15th Anniversary Blog

Megan, a zealous second-year farmer here at Old Plank, recently asked me to start writing again. She also suggested I take up running with burros, but there’s a donkey shortage around here and I’m not in the mood for running anyway. But I’ll humor the writing request.

Megan’s energy and passion for the farm is overflowing, as she returns to us for the start of the spring season (after wintering in California, where burros and jogging go hand in hand, apparently).

My energy hasn’t been overflowing yet; rather, it’s been leaking out of frozen and cracked pipes in the greenhouse. Which is nothing new. Spring on the farm is always hard, mostly because “spring” has to start long before the weather coughs up scenes of baby goats prancing in the sunshine on a carpet of green grass.

Spring for this vegetable operation starts with firing up heaters in the seedling greenhouse while below-freezing wind howls against the plastic walls and snow piles up around it. Where there isn’t snow, there’s ice or mud; there’s nothing green about the start of spring, until the first little onions poke out of their nursery trays. And then comes the challenge of keeping the thousands of baby onions and other seedlings warm and growing until the proverbial spring eventually decides to show up and then we can start planting the young veggies out in the field.

With the responsibilities of spring weighing heavily on me, my first reaction to Megan’s request for my blog was a sarcastic sure, followed by a run-on sentence in which I summarized farming as little more than a continuous stream of problems created by nature as it destroys everything we ever work on, right down to our crops that die each and every autumn and our greenhouses that seem to always be falling about our ears no matter how many precautions I've taken to safeguard them.

Well, she replied when I was done ranting, maybe it’s not a good time to pick up blogging, after all.

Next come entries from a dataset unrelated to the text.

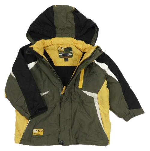 Khaki-černo-žlutá šusťáková zimní bunda s kapucí Next
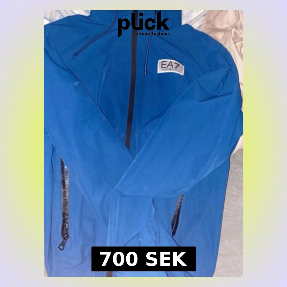 Snygg blå vindjacka från EA7 Emporio Armani med svart dragkedja och logga på bröstet. Jackan har huva med snörning och långa ärmar. Perfekt för dig som vill ha en stilren och sportig look.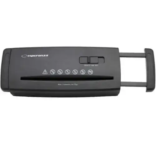 Papīra smalcinātājs, Esperanza BLADE. Efektīvi sasmalcina līdz 5 A4 formāta papīra loksnēm (80g) vienlaikus, kuru platums ir aptuveni 7 mm. Smalcinātājs ir aprīkots ar drošības slēdzeni un termoslēdzi.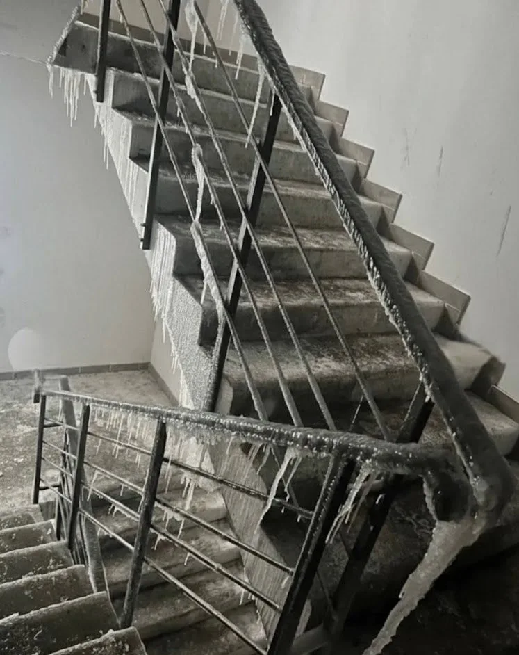 - В Киеве один из подъездов жилого дома полностью покрылся толстым слоем льда — соответствующие кадры публикуют украинские тг-каналы. На изображениях видно, что с поручней лестницы и ступенек свисают большие сосульки.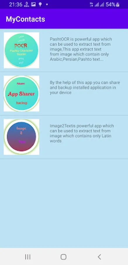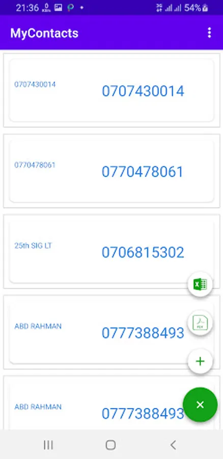 MyContacts is a simple app which show all your saved contacts , after showing you can save them in excel and pdf files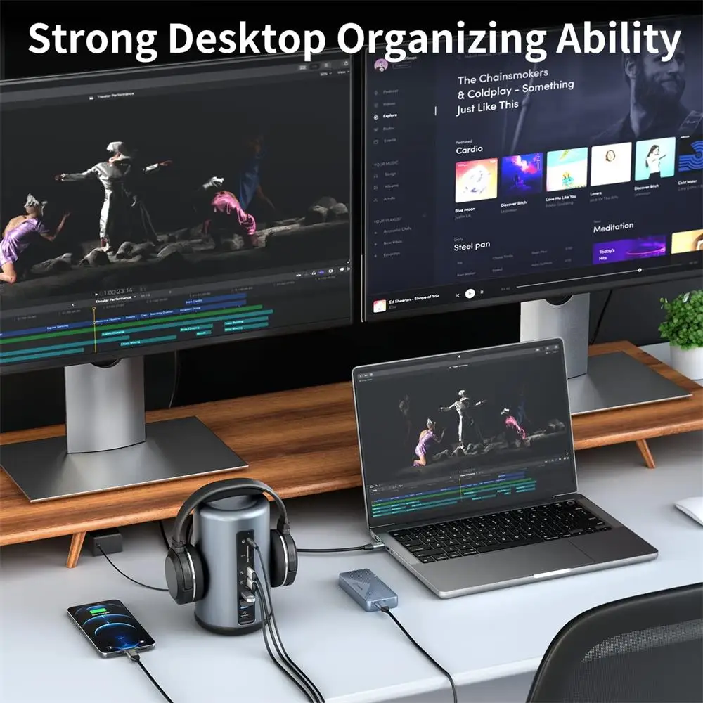Base Thunderbolt 3 16 en 1:PHIXERO USB C Thunderbolt Hub tiene 2 x Thunderbolt 3 puertos (40 Gbps), puerto DP (8 K @ 30Hz), 2 x USB C (10 Gbps), USB 3,1 (10 Gbps), 2 x USB 2,0, Puerto Gigabit Ethernet, ranura para tarjeta SD/Micro SD. S/PDIF, Audio/micrófono de 3,5mm y potencia de entrada de 65W. Combina perfectamente todas las características que necesitas. El diseño de la columna es antivuelco, se puede utilizar como soporte para auriculares, estación de acoplamiento ideal para el escritorio.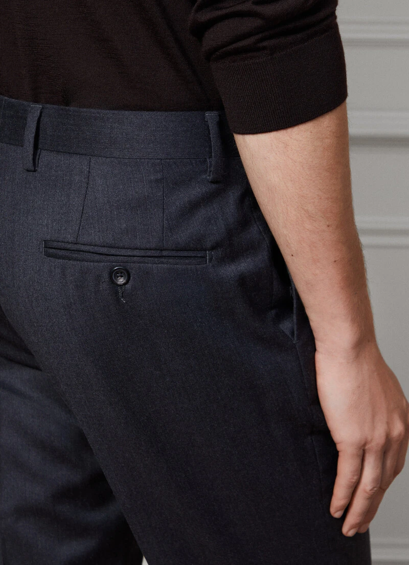 Featuring our signature Kensington slim fit, these formal trousers from the Savile Row collection stand out for their Italian wool flannel construction to give them natural stretch for maximum comfort. This garment comes in a wide range of modern colours, and is a must-have in any man’s wardrobe.

When, then, is a good time, I asked myself in the following days. Although my summary of farming was dramatically negative, it holds an element of truth. Fifteen years into farming, we still have problems here. I guess we always will. This time it was frozen pipes in the new, state-of-the-art seeding greenhouse that were the catalyst for my attitude and the run-on sentence.

But that’s only one side to the story of last week; the story of today. If you clomp along the path to our greenhouses in your muck boots and poke your head into the old seeding house (that’s the one on the end, on the north side, shorter than the other houses; rough around the edges and messy on the inside, but it works just fine), you’ll find that our early crops have never looked better, despite the set-backs of the season. The green babies will take your breath away. They take mine, and I see them everyday. The wonders of plant growth never cease to amaze me.

And so I decided to start blogging again, because part of our commitment to our farm members is to share what’s happening here. To share who we are as farmers. Angelica also does a lot of that in her weekly note, but I feel like I owe you a few of my own thoughts every week too, as I continue to be responsible for the farm’s crop production every year.

Megan wants to know a bit more about how things were in the beginning, and maybe you do too. That was fifteen years ago, I was the only one here then, and none of the greenhouses even existed. I’m happy to oblige, to meander between the now and then aspects of what makes Old Plank Farm what it is. Thanks, Megan, for making this request…and for seeding all the beets last week while I sat around grumbling (actually, let’s call it problem-solving) about frozen pipes.